• [Records for this exercise]
[Start of section]
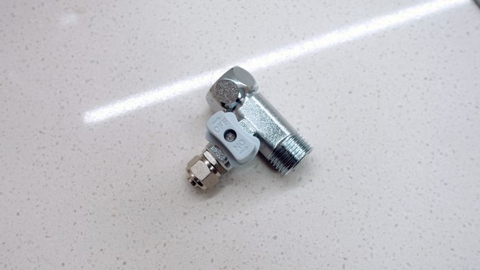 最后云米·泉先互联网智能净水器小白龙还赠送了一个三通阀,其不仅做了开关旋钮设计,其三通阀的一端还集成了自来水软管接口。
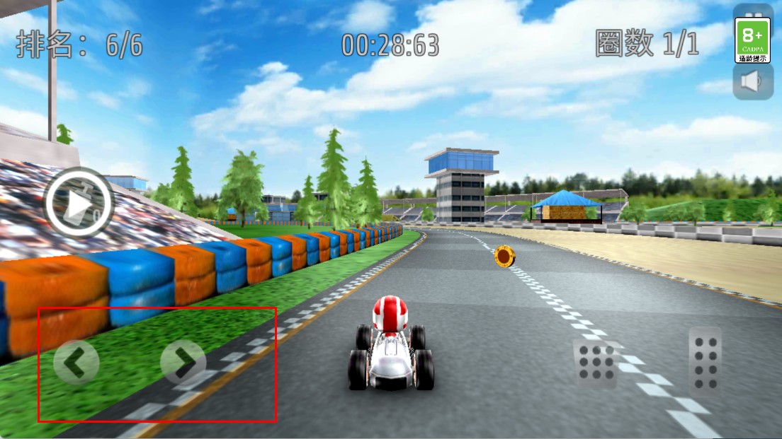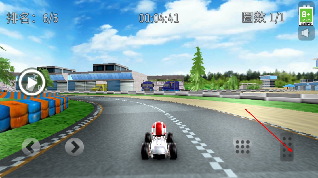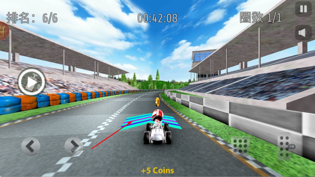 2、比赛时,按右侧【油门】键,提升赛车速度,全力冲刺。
[End of section]
[Start of section]
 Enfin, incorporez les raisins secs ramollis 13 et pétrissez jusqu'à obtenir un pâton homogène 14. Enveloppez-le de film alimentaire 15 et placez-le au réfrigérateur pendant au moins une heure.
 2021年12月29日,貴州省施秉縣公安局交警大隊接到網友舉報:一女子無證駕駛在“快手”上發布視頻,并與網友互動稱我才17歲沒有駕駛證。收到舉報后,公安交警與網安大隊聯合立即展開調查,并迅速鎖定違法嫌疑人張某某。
[End of section]
[Start of section]
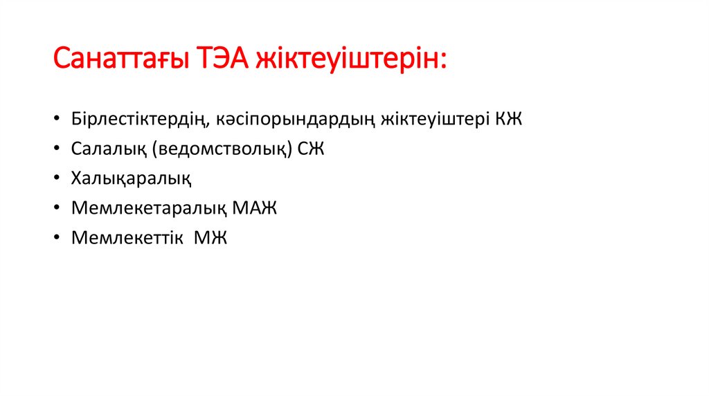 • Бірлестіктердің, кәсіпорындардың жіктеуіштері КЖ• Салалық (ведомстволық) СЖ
[End of section]
• [Task directions] Above are records with pictures. Reproduce exactly only the lines from the line with "最后云米·泉先互联网智能净水" through the line with "2、比赛时,按右侧【油门】键,提升赛车速度,全力冲刺。", both ends included, and leave the pictures out.

• [Result]
 最后云米·泉先互联网智能净水器小白龙还赠送了一个三通阀,其不仅做了开关旋钮设计,其三通阀的一端还集成了自来水软管接口。
 2、比赛时,按右侧【油门】键,提升赛车速度,全力冲刺。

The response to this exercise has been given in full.